Monday, January 24, 2005

"Save Social Security first."

That, you no doubt recall, was President Clinton's challenge to Congress to use the federal budget surplus, then about a guadzillion dollars, to bolster social security. His plan at the time was to use the surplus to create personal savings accounts on top of what workers and employers paid in to Social Security, as opposed to preznit Bush's plan to divert monies away from SS and into private accounts.

You would think, then, that Bush & Co. would consider Clinton's remarks toxic. After all, they remind us that Bush ignored Clinton's sage advice, and instead wiped out the surplus exactly as Clinton feared -- through tax cuts and new spending. Hell, it reminds us that we even had a surplus, something we won't see for a long, long time to come.

Yup, you'd think so.
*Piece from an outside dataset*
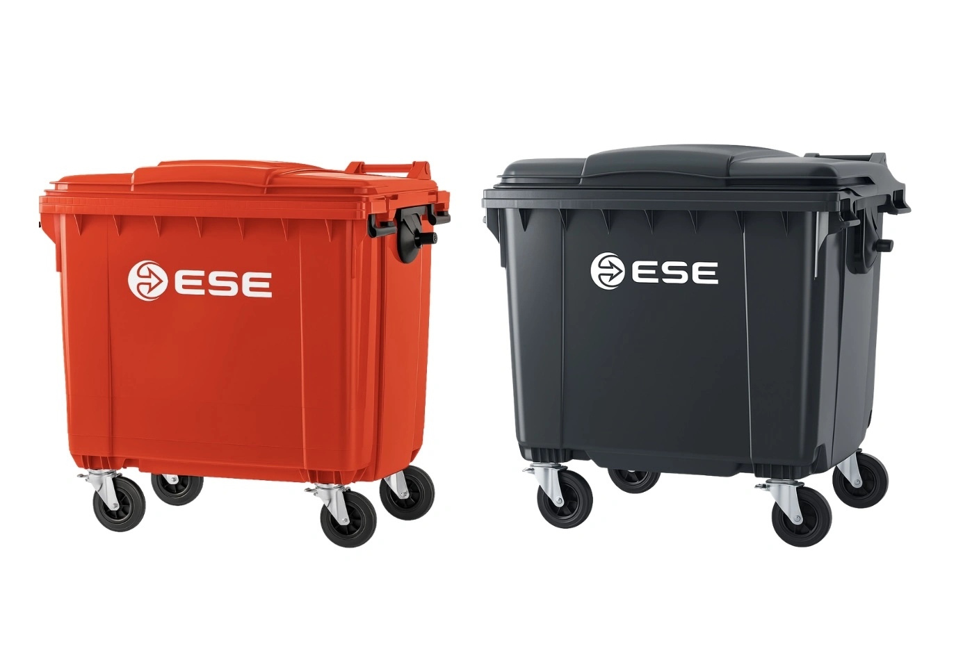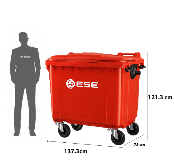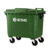 Contenedor de 1100 litros con diseño robusto y ruedas duraderas, ideal para facilitar el manejo de grandes volúmenes de residuos en instalaciones comerciales e industriales.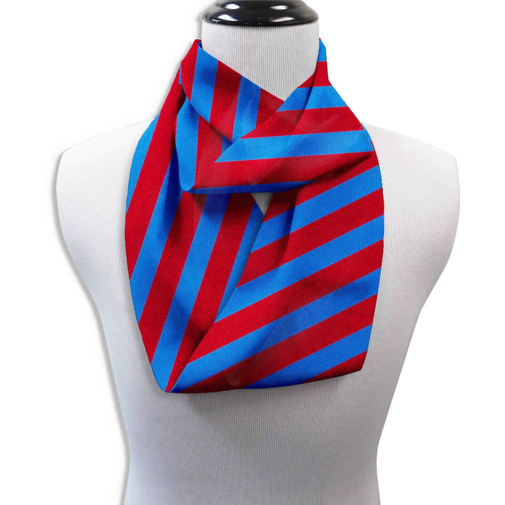 Each scarf is double-sided with a 58 inch circumference and is 6 inches wide. If you've always wanted a silk scarf, the Collegiate Royal and Red is a great choice!

But that's why you aren't working in the White House right now!

With their push to restructure Social Security off to a rocky start, Bush administration officials have begun citing two Democrats -- former President Bill Clinton and the late senator Daniel Patrick Moynihan -- to bolster their claims that the retirement system is in crisis.

But the gambit carries some risk, Bush supporters say. Clinton's repeated calls during his second term to "save Social Security first" were specifically to thwart what President Bush ultimately did: cut taxes based on federal budget surplus projections. Likewise, internal Treasury Department documents indicate that Moynihan, a New York Democrat who was co-chairman of Bush's 2001 Social Security Commission, expressed misgivings about the president's push to partially privatize Social Security.

Just when you think the administration has plumbed the very depths of the sea of Mendaciousness, when you think they've reached the summit of Mount Hypocricy, this kakistocracy exceeds all expectations.